▶ AIM OF THE TASK
Reproduce the material below line by line, beginning with its first line and ending with the line that contains "Posate Argento Antiquariato...servizio"; leave out pictures.

▶ DATA TO PROCESS
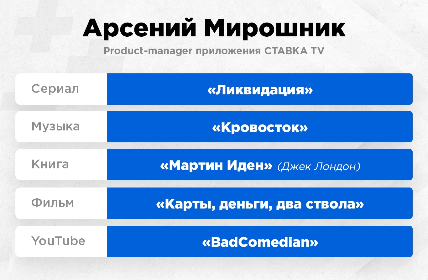 - Арсений Мирошник, Product-manager приложения СТАВКА TV
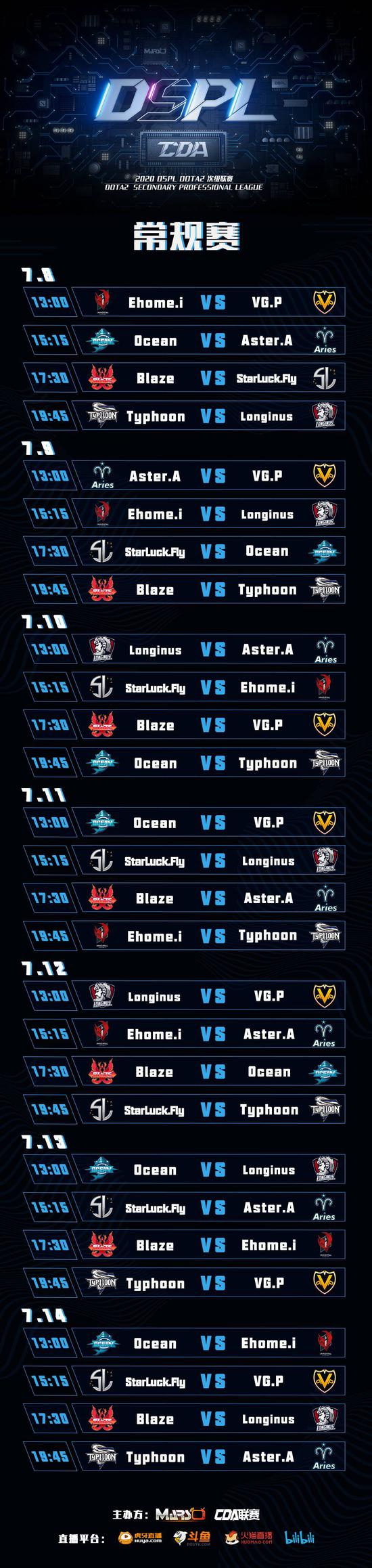 由Mars耀宇传媒主办的DSPL S2(DOTA2 Secondary Professional League S2,以下简称DSPL S2)中国DOTA2次级联赛将在7月8日(周三)再次拉开序幕。本次DSPL S2依然分为常规赛和季后赛两个阶段,参赛战队为:Ocean、Blaze、StarLuck.Fly、Typhoon、Longinus、EHOME.i、Aster.A以及VG.P(排名不分先后)。具体赛程安排如下:
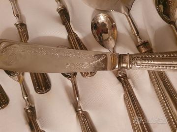Posate Argento Antiquariato...servizio artigianale usato per dessert ...integri e bellissimi in argento segnalato sui manici ...800.....in originale scatola ..epoca ..per collezionisti amanti di arte e antiquariato
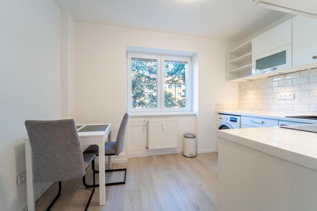 Nabízím pronájem světlého bytu 1+1 v bytovém domě ve Chvaleticích. Byt je po celkové velmi vkusné rekonstrukci, nachází se v 2. nadzemním podlaží a má podlahovou plochu 30 m2. Vedle bytu se nachází společná lodžie, kterou je možné využít k sušení prádla. Byt je vybaven, nábytek na fotkách je součástí pronájmu.
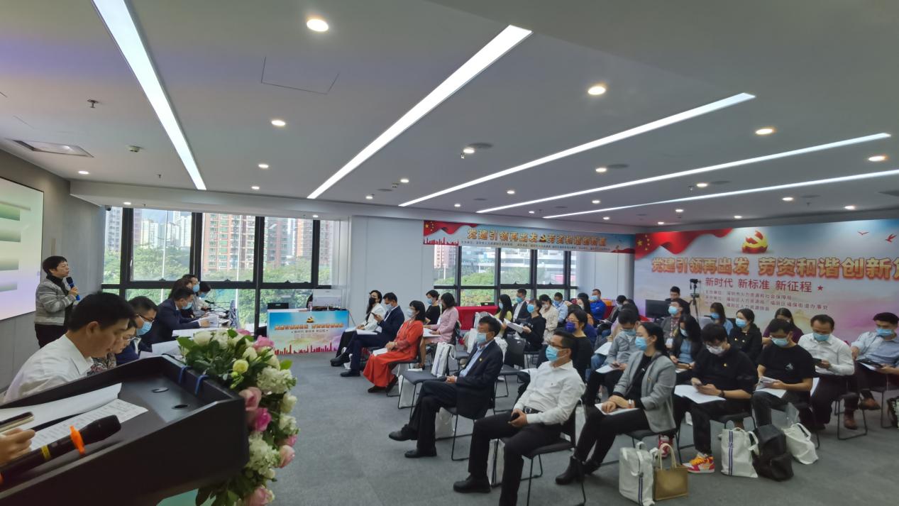 12月16日,廣東省深圳市人力資源和社會保障局聯(lián)合福田區(qū)人力資源局、福田區(qū)福保街道辦事處在河套深港科技合作區(qū)福保園區(qū)黨群服務(wù)中心舉辦“黨建引領(lǐng)再出發(fā) 勞資和諧創(chuàng)新篇”座談會。
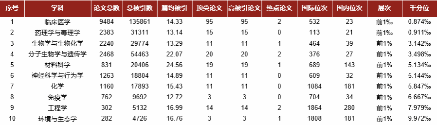 截至目前,性吧 10个学科进入ESI全球排名前1%,其中药理学与毒理学2个学科进入前1‰,综合排名在全球8917个上榜机构中位列735,国内排名第70位,位居省属高校第二,独立设置医科大学第五。临床医学进入ESI全球排名前0.874‰,药理学与毒理学进入ESI全球排名前0.911‰,其他学科的排名均有显著提升。
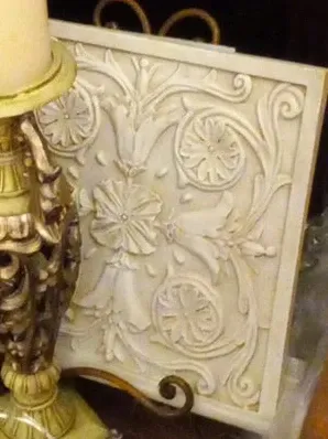 A decorative wall panel featuring an intricate floral embossed design. It's a light cream colour and appears to be made of a resin or plaster material. Originally purchased from The Building Box to hang on fence in my yard. Never got around to it..they've never been outside, so like new.
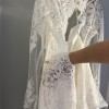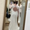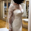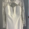 Pronovias Bacall is a glamorous crepe gown featuring an illusion bodice with long sleeves + an open back! The train is just breathtaking. Striking lace details decorate this silhouette for an alluring look. This dress is definitely a unique statement.
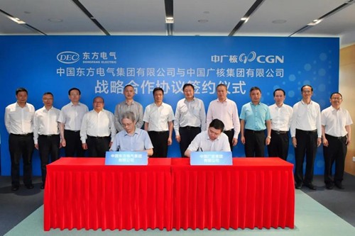 5月8日,中國東方電氣集團有限公司與中國廣核集團有限公司在深簽署戰略合作協議。東方電氣集團黨組書記、董事長俞培根,中廣核黨委書記、董事長、總經理楊長利共同見證簽約儀式。東方電氣集團公司黨組成員、副總經理徐鵬,中廣核黨委常委、副總經理郭利民代表雙方簽字。
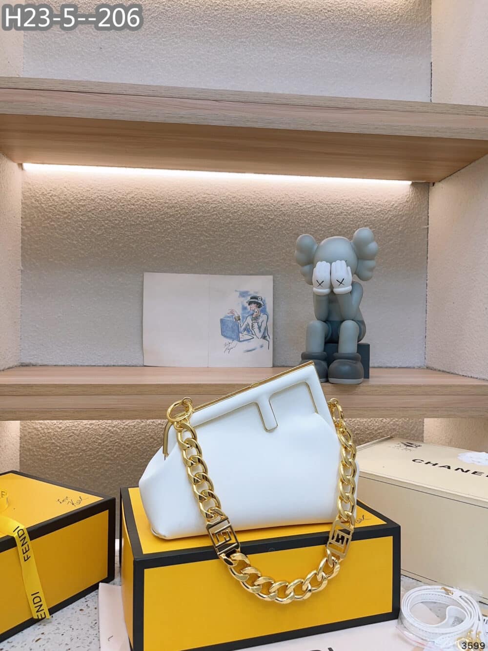Fendi First With Chain Leather Bag White 24cm

▶ PROBLEM SOLUTION
 - Арсений Мирошник, Product-manager приложения СТАВКА TV
 由Mars耀宇传媒主办的DSPL S2(DOTA2 Secondary Professional League S2,以下简称DSPL S2)中国DOTA2次级联赛将在7月8日(周三)再次拉开序幕。本次DSPL S2依然分为常规赛和季后赛两个阶段,参赛战队为:Ocean、Blaze、StarLuck.Fly、Typhoon、Longinus、EHOME.i、Aster.A以及VG.P(排名不分先后)。具体赛程安排如下:
Posate Argento Antiquariato...servizio artigianale usato per dessert ...integri e bellissimi in argento segnalato sui manici ...800.....in originale scatola ..epoca ..per collezionisti amanti di arte e antiquariato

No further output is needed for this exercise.